LOCAÇÃO IMOBILIÁRIA
Cláusula de renúncia às benfeitorias não se estende às acessões

Foto: Marcelo Casal Jr/Agência Brasil

​Para a Terceira Turma do Superior Tribunal de Justiça (STJ), a cláusula de contrato de locação imobiliária que prevê renúncia à indenização por benfeitorias e adaptações não pode ser estendida à hipótese de acessão (aquisição do direito de propriedade sobre os acréscimos feitos no imóvel).

A partir desse entendimento, o colegiado restabeleceu a sentença que reconheceu o direito de um empresário a ser ressarcido depois de construir uma academia em propriedade alugada, mas não conseguir viabilizar o negócio por falta de regularização, que dependia da locadora. O valor do ressarcimento: R$ 1,1 milhão.

‘‘A obra realizada pelo locatário configurou uma acessão – e não uma mera benfeitoria, até porque o valor por ele investido no imóvel alcançou um montante elevado, que supera o senso comum para uma simples adaptação do bem para suas atividades’’, avaliou o relator do caso na Terceira Turma, ministro Marco Aurélio Bellizze.

Ação apontou enriquecimento sem causa da proprietária

Ministro Marco Aurélio Bellizze foi o relator
Foto: Sergio Amaral/STJ

Sem poder iniciar as atividades da academia, o empresário parou de pagar os aluguéis até que a situação do imóvel fosse regularizada, mas se viu obrigado a deixar o local devido à ação de despejo movida pela proprietária.

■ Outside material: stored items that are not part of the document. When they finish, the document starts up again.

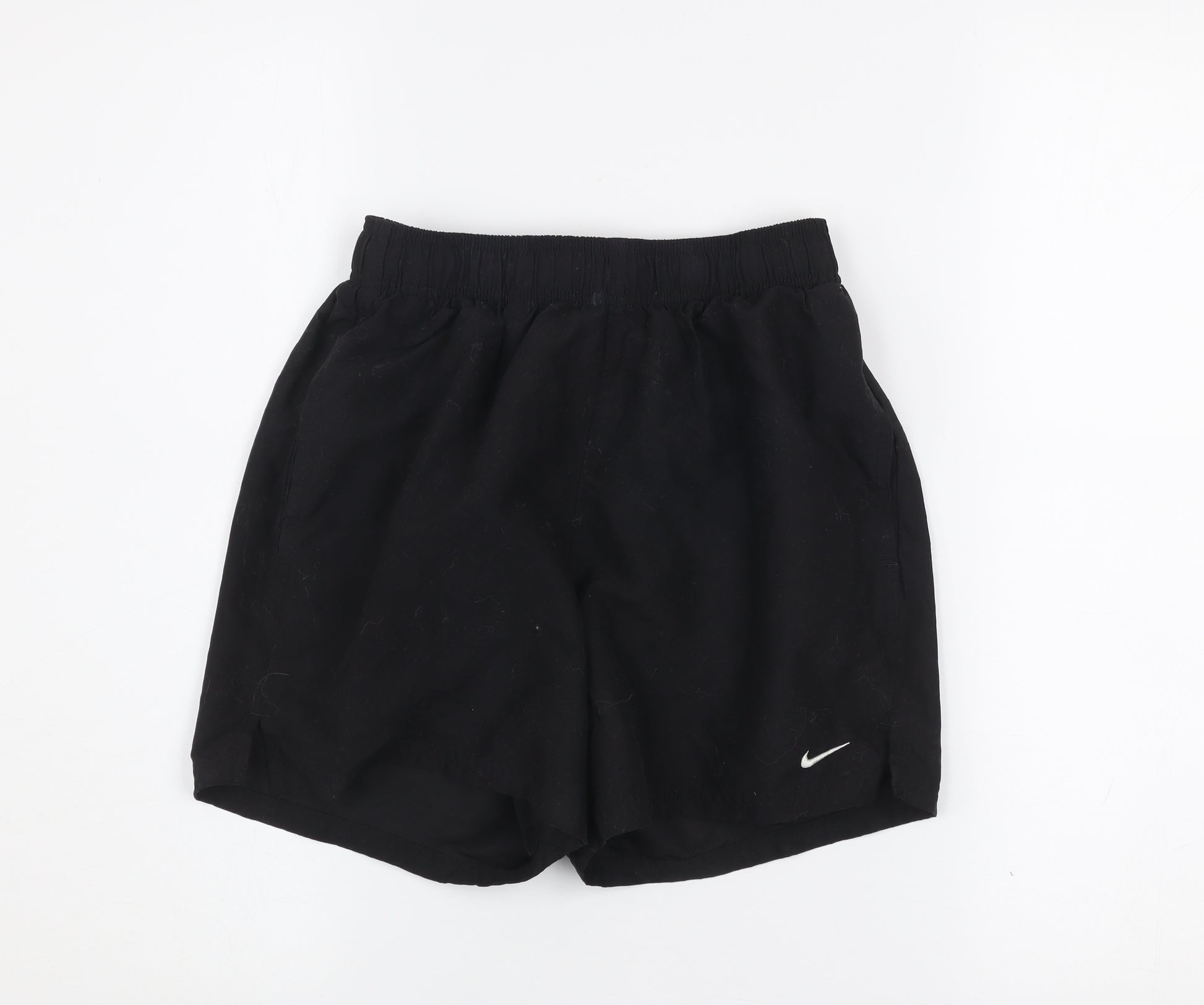 These Nike women’s activewear shorts are a versatile training essential designed for comfort and performance. Crafted from lightweight and breathable 100% polyester fabric, they provide excellent ventilation and quick-drying properties, keeping you cool and comfortable even during the most energetic workouts. The classic black colour gives these shorts a stylish and sleek look, perfectly suited for any active outfit. They feature a soft, elasticated waist for a secure and comfortable fit that flexes with your movements, making them ideal for running, fitness sessions, gym workouts, or casual wear. The moisture-wicking properties help to draw sweat away from the body, ensuring you stay dry as you train. With an easy-care finish, these shorts are machine washable and quick to dry, providing maximum convenience for your active lifestyle. Their simple yet functional design includes minimal detailing, featuring the small Nike swoosh logo for a subtle sporty finish. Made in Indonesia with imported materials, these shorts are designed to meet high standards of durability and practicality. In very good pre-owned condition, they show only light signs of wear and remain in excellent shape overall. Ideal for those who value a combination of comfort, performance, and timeless athletic style, these shorts deliver the dependable quality that Nike is known for. Perfect for warm weather training, yoga, or lounging, they are an essential piece for both sports enthusiasts and everyday comfort seekers alike. Update your activewear wardrobe with these dependable Nike shorts that combine sporty appeal with exceptional everyday wearability. Grab this athletic staple that ensures you stay comfortable, active, and effortlessly stylish.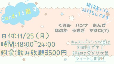 Candy15周年イベントはじまりましたー!! みんなでたくさん飲んで、たくさん歌ってたくさん笑って楽しみましょー!!🤍 ぴこ なーなん ゆずゆ くーちゃん みかん の5人でお待ちしてます✨ ※蛍はお休みになりました https://t.co/Qhh9D3BhGP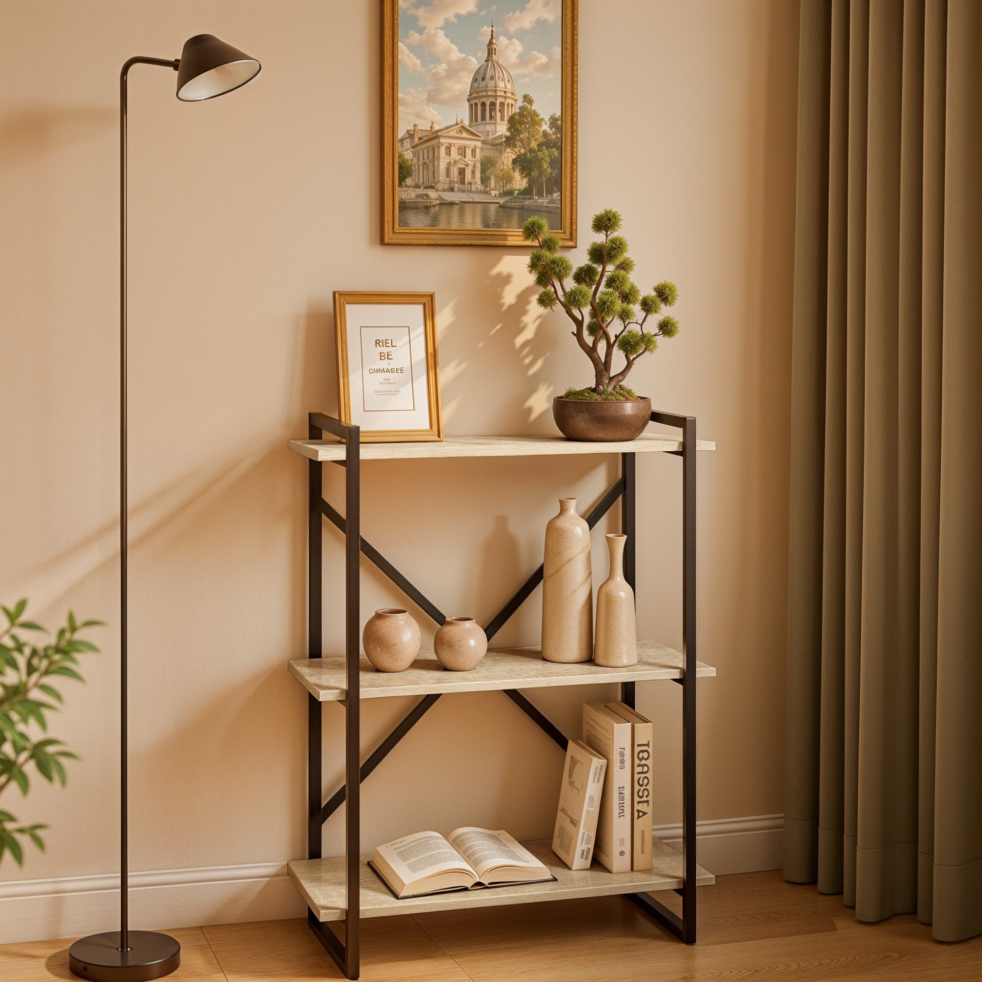 Прочный металлический каркас, усиленный крестовиной, обеспечивает устойчивость и надёжность. Открытые полки позволяют удобно размещать книги, элементы декора, коробки или другие вещи без ощущения загромождённости.

Posteriormente, o imóvel foi alugado para outra pessoa, que fez uso de toda a estrutura construída.

Por essa razão, o antigo locatário ajuizou ação, alegando enriquecimento sem causa da dona do imóvel e pedindo indenização por danos materiais.

O juízo de primeiro grau acolheu o pedido, mas a decisão foi reformada pelo Tribunal de Justiça de São Paulo (TJSP). A corte entendeu que a cláusula de renúncia ao direito de indenização estabelecida no contrato de locação abrangeria não só as benfeitorias, mas todas as alterações feitas no imóvel. Nessa situação, estaria incluída a construção (acessão) feita para adequar o local à atividade que o locatário pretendia desenvolver.

Benfeitoria e acessão não podem ser tratadas da mesma forma

O ministro Bellizze apontou que a existência de uma nova construção no imóvel ficou claramente demonstrada no processo, havendo divergência entre as instâncias ordinárias quanto ao alcance da cláusula de renúncia a indenizações.

Segundo o relator, é preciso diferenciar os conceitos de benfeitoria e acessão, institutos que não podem ser tratados da mesma forma: a primeira é uma melhoria de natureza acessória realizada em coisa já existente, enquanto a acessão é a aquisição da propriedade de acréscimos, nas formas previstas no artigo 1.248 do Código Civil (CC).

‘‘Por isso, mostra-se inviável estender a previsão contratual de renúncia à indenização por benfeitoria também à acessão, notadamente porque o artigo 114 do CC determina que os negócios jurídicos benéficos e a renúncia interpretam-se estritamente’’, observou Bellizze.

Código Civil prevê indenização para locatário que age de boa-fé

O magistrado ressaltou ainda que o locatário não pôde explorar a academia por falta de alvará de funcionamento, o qual não foi obtido devido ao desinteresse da proprietária do imóvel. ‘‘Ou seja, o locatário foi impedido de iniciar suas atividades em decorrência de ato da locadora’’, disse, lembrando que, segundo o artigo 1.255 do Código Civil, quem edifica em terreno alheio perde a construção para o proprietário, mas tem direito à indenização se agiu de boa-fé.

‘‘O locatário procedeu de boa-fé, inclusive mediante autorização da locadora, para a realização das obras, podendo-se cogitar a má-fé da proprietária, consoante presunção do artigo 1.256, parágrafo único, do CC, já que a construção se deu com o seu conhecimento e sem impugnação de sua parte’’, concluiu o relator ao dar provimento ao recurso especial. Com informações da Assessoria de Imprensa do STJ.